Britain’s King Charles and Pope Leo made history on Thursday, October 23, as they prayed together inside the Sistine Chapel, marking the first joint act of worship between an English monarch and a Catholic pontiff since King Henry VIII’s break from Rome in 1534.
The solemn service echoed with Latin chants and English prayers beneath Michelangelo’s famed frescoes, symbolizing a powerful gesture of reconciliation nearly five centuries after the split between the Church of England and the Roman Catholic Church.
Pope Leo XIV, the first U.S.-born pontiff elected six months ago, presided over the worship alongside Anglican Archbishop Stephen Cottrell, while choirs from the Sistine Chapel and the British royal chapels performed sacred hymns.

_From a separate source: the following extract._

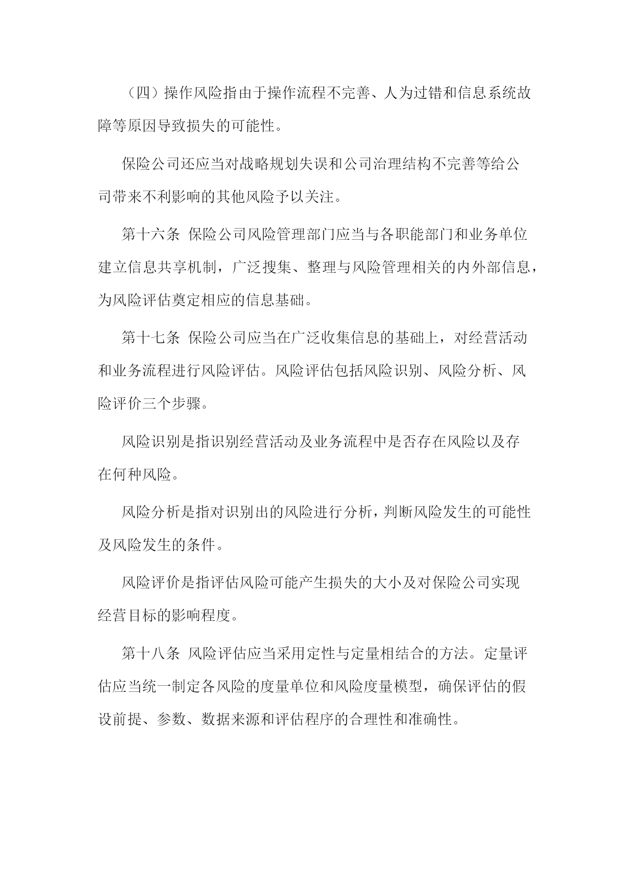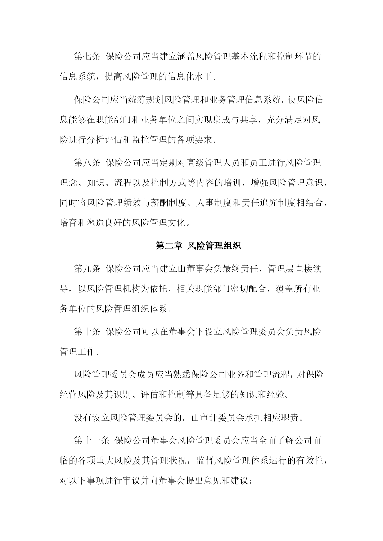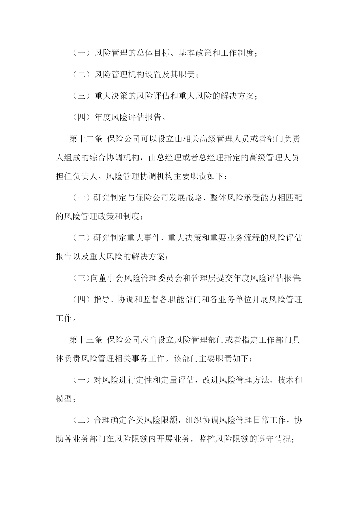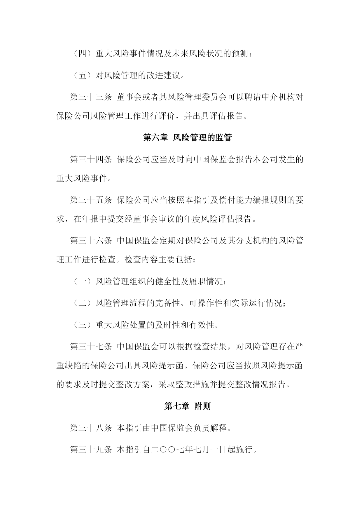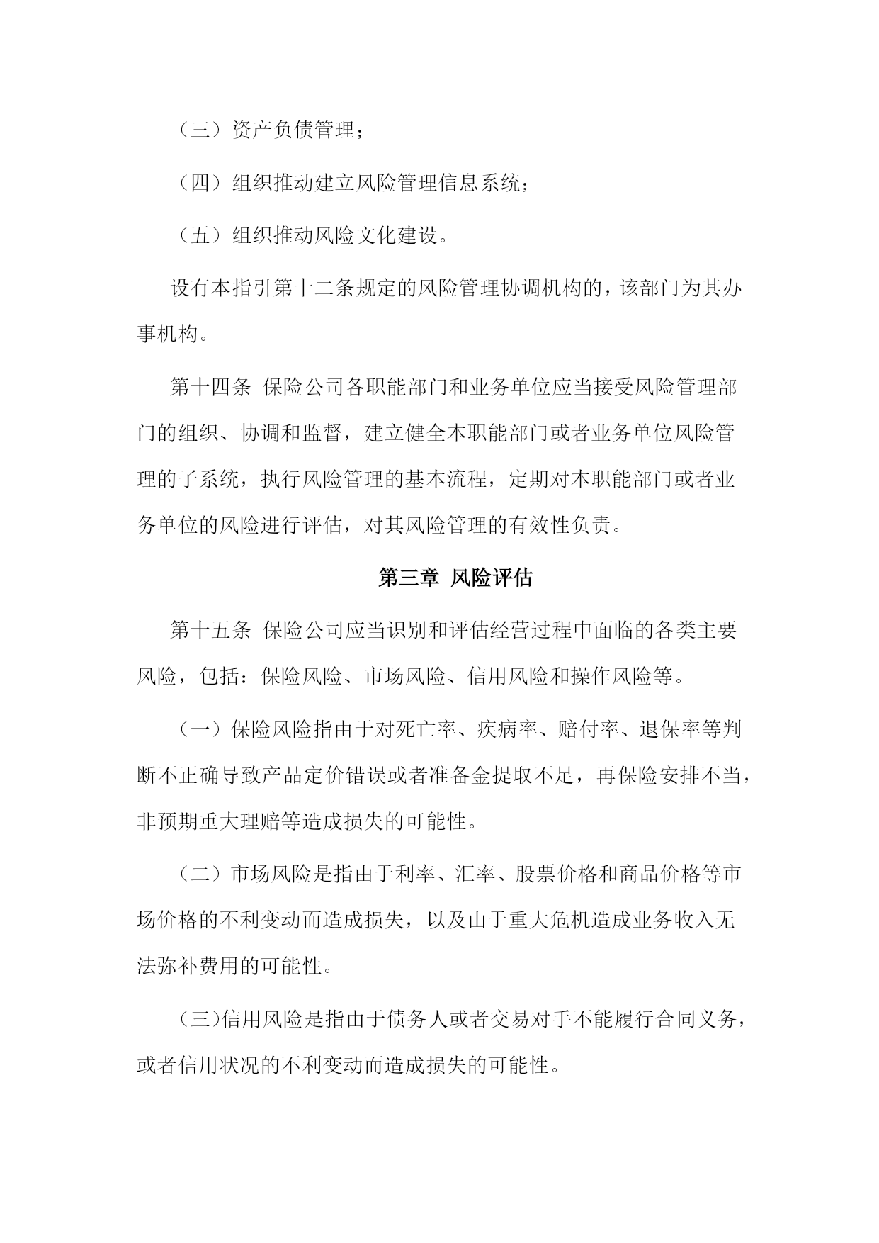 关于印发《保险公司风险管理指引(试行)》的通知保监发〔2007〕23号各保险公司、保险资产管理公司,各保监局:为强化保险公司风险管理,加强保险监管,提高风险防范能力,保监会制定了《保险公司风险管理指引(试行)》。现印发给你们,请各公司结合自身实际,认真贯彻落实。特此通知二○○七年四月六日保险公司风险管理指引(试行)第一章总则第一条为指导保险公司加强风险管理,保障保险公司稳健经营,根据《关于规范保险公司治理结构的指导意见(试行)》及其他相关法律法规,制定本指引。第二条本指引适用于在中国境内依法设立的保险公司和保险资产管理公司。保险集团(控股)公司已经按照本指引规定建立覆盖全集团的风险管理体系的,经中国保监会批准,其保险子公司可以不适用本指引。第三条本指引所称风险,是指对实现保险经营目标可能产生负面影响的不确定性因素。第四条本指引所称风险管理,是指保险公司围绕经营目标,对保险经营中的风险进行识别、评估和控制的基本流程以及相关的组织架构、制度和措施。第五条保险公司应当明确风险管理目标,建立健全风险管理体系,规范风险管理流程,采用先进的风险管理方法和手段,努力实现适当风险水平下的效益最大化。第六条保险公司风险管理应当遵循以下原则:(一)全面管理与重点监控相统一的原则。保险公司应当建立覆盖所有业务流程和操作环节,能够对风险进行持续监控、定期评估和准确预警的全面风险管理体系,同时要根据公司实际有针对性地实施重点风险监控,及时发现、防范和化解对公司经营有重要影响的风险。(二)独立集中与分工协作相统一的原则。保险公司应当建立全面评估和集中管理风险的机制,保证风险管理的独立性和客观性,同时要强化业务单位的风险管理主体职责,在保证风险管理职能部门与业务单位分工明确、密切协作的基础上,使业务发展与风险管理平行推进,实现对风险的过程控制。(三)充分有效与成本控制相统一的原则。保险公司应当建立与自身经营目标、业务规模、资本实力、管理能力和风险状况相适应的风险管理体系,同时要合理权衡风险管理成本与效益的关系,合理配置风险管理资源,实现适当成本下的有效风险管理。第七条保险公司应当建立涵盖风险管理基本流程和控制环节的信息系统,提高风险管理的信息化水平。保险公司应当统筹规划风险管理和业务管理信息系统,使风险信息能够在职能部门和业务单位之间实现集成与共享,充分满足对风险进行分析评估和监控管理的各项要求。第八条保险公司应当定期对高级管理人员和员工进行风险管理理念、知识、流程以及控制方式等内容的培训,增强风险管理意识,同时将风险管理绩效与薪酬制度、人事制度和责任追究制度相结合,培育和塑造良好的风险管理文化。第二章风险管理组织第九条保险公司应当建立由董事会负最终责任、管理层直接领导,以风险管理机构为依托,相关职能部门密切配合,覆盖所有业务单位的风险管理组织体系。第十条保险公司可以在董事会下设立风险管理委员会负责风险管理工作。风险管理委员会成员应当熟悉保险公司业务和管理流程,对保险经营风险及其识别、评估和控制等具备足够的知识和经验。没有设立风险管理委员会的,由审计委员会承担相应职责。第十一条保险公司董事会风险管理委员会应当全面了解公司面临的各项重大风险及其管理状况,监督风险管理体系运行的有效性,对以下事项进行审议并向董事会提出意见和建议:(一)风险管理的总体目标、基本政策和工作制度;(二)风险管理机构设置及其职责;(三)重大决策的风险评估和重大风险的解决方案;(四)年度风险评估报告。第十二条保险公司可以设立由相关高级管理人员或者部门负责人组成的综合协调机构,由总经理或者总经理指定的高级管理人员担任负责人。风险管理协调机构主要职责如下:(一)研究制定与保险公司发展战略、整体风险承受能力相匹配的风险管理政策和制度;(二)研究制定重大事件、重大决策和重要业务流程的风险评估报告以及重大风险的解决方案;(三)向董事会风险管理委员会和管理层提交年度风险评估报告;(四)指导、协调和监督各职能部门和各业务单位开展风险管理工作。第十三条保险公司应当设立风险管理部门或者指定工作部门具体负责风险管理相关事务工作。该部门主要职责如下:(一)对风险进行定性和定量评估,改进风险管理方法、技术和模型;(二)合理确定各类风险限额,组织协调风险管理日常工作,协助各业务部门在风险限额内开展业务,监控风险限额的遵守情况;(三)资产负债管理;(四)组织推动建立风险管理信息系统;(五)组织推动风险文化建设。设有本指引第十二条规定的风险管理协调机构的,该部门为其办事机构。第十四条保险公司各职能部门和业务单位应当接受风险管理部门的组织、协调和监督,建立健全本职能部门或者业务单位风险管理的子系统,执行风险管理的基本流程,定期对本职能

King Charles, the Supreme Governor of the Church of England, was seated to the Pope’s left near the altar throughout the service. Despite previous royal visits to the Vatican and papal trips to Britain, this was the first occasion in modern history that the two churches’ leaders joined in prayer.
The King and Queen Camilla are in the Vatican on a state visit aimed at strengthening ties between the Catholic and Anglican communions after centuries of division.
Anglican theologian Rev. James Hawkey, canon of Westminster Abbey, described the moment as “a kind of healing of history,” noting that such a joint prayer would have been unthinkable just a generation ago. He added that the encounter reflects “how far both churches have come in sixty years of dialogue.”
The centuries-old rift traces back to 1534, when Pope Clement VII refused to annul King Henry VIII’s marriage to Catherine of Aragon, prompting England’s formal separation from Rome. While Henry’s desire for a male heir triggered the schism, it also led to the seizure of church assets and the rise of Protestantism, sparking decades of religious turmoil.

Earlier in the day, Charles and Camilla held a private audience with Pope Leo. Later, the King is scheduled to visit Rome’s Basilica of St. Paul Outside the Walls, one of Catholicism’s most revered sites, where Pope Leo has approved conferring upon him the honorary title of “Royal Confrater”—Latin for brother—at the adjoining abbey.